Took 7 year old son on a bike ride with his mates and their dads, he has a Halfords heavy motorbike looking bike (looks great) but wish I'd thought more about the weight before buying, one lad had a Islabike - great looking and about 5kg lighter than my sons - great bit of kit although expensive. The other lad has a 'Frog' hybrid kids bike another light option with some great components. Looks like its going to be an expensive birthday in February.


----------



## summerdays (23 Jan 2014)

Eagone said:


> Took 7 year old son on a bike ride with his mates and their dads, he has a Halfords heavy motorbike looking bike (looks great) but wish I'd thought more about the weight before buying, one lad had a Islabike - great looking and about 5kg lighter than my sons - great bit of kit although expensive. The other lad has a 'Frog' hybrid kids bike another light option with some great components. Looks like its going to be an expensive birthday in February.


They may be expensive in comparison to a Halfords bike, but they hold their value. I sold my son's bike for the most of what I paid for it (and that was to my sister, I had given her previous bikes but I needed to fund the next bike. Someone sold the identical bike online the same week for the price I had paid 3 years earlier).


----------



## Ellillowladex (11 Mar 2014)

Eagone said:


> Took 7 year old son on a bike ride with his mates and their dads, he has a Halfords heavy motorbike looking bike (looks great) but wish I'd thought more about the weight before buying, one lad had a Islabike - great looking and about 5kg lighter than my sons - great bit of kit although expensive. The other lad has a 'Frog' hybrid kids bike another light option with some great components.
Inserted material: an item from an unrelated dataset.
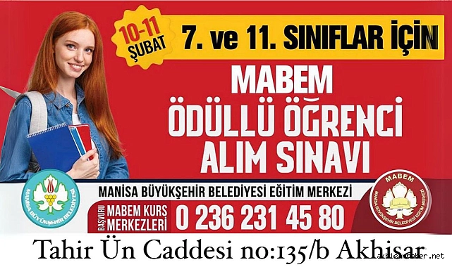 Manisa Büyükşehir Belediyesi Eğitim Merkezi (MABEM), 7. ve 11. sınıf öğrencileri için ödüllü öğrenci alım sınavı düzenliyor. Eğitimde fırsat eşitliği ve kaliteli öğrenim olanağı sunan MABEM, Akhisarlı öğrencilere yönelik bu sınavla başarılı gençleri desteklemeyi hedefliyor. Sınav, 10-11 Şubat tarihlerinde gerçekleştirilecek ve başarılı öğrencilere çeşitli ödüller sunulacak.

Looks like its going to be an expensive birthday in February.



Bought my 9 year old daughter a "Frog" for Xmas, great little bike, the geometry reminds me of the old Kona / Joe Murray frames , and come with good sensible components too, no weighty suspension nonsense here!
She loves the fact that it's a lot lighter than her older & smaller Halfords bike - though a little (1kg) heavier than its Islabike counterpart - the "Frog" is a little cheaper too!


----------



## Goldie (30 Apr 2014)

Dawes have just released a range of proper children's bikes. Looking at the ad I assumed they were straight out of the factory Islabikes use, but on closer inspection I don't think they are.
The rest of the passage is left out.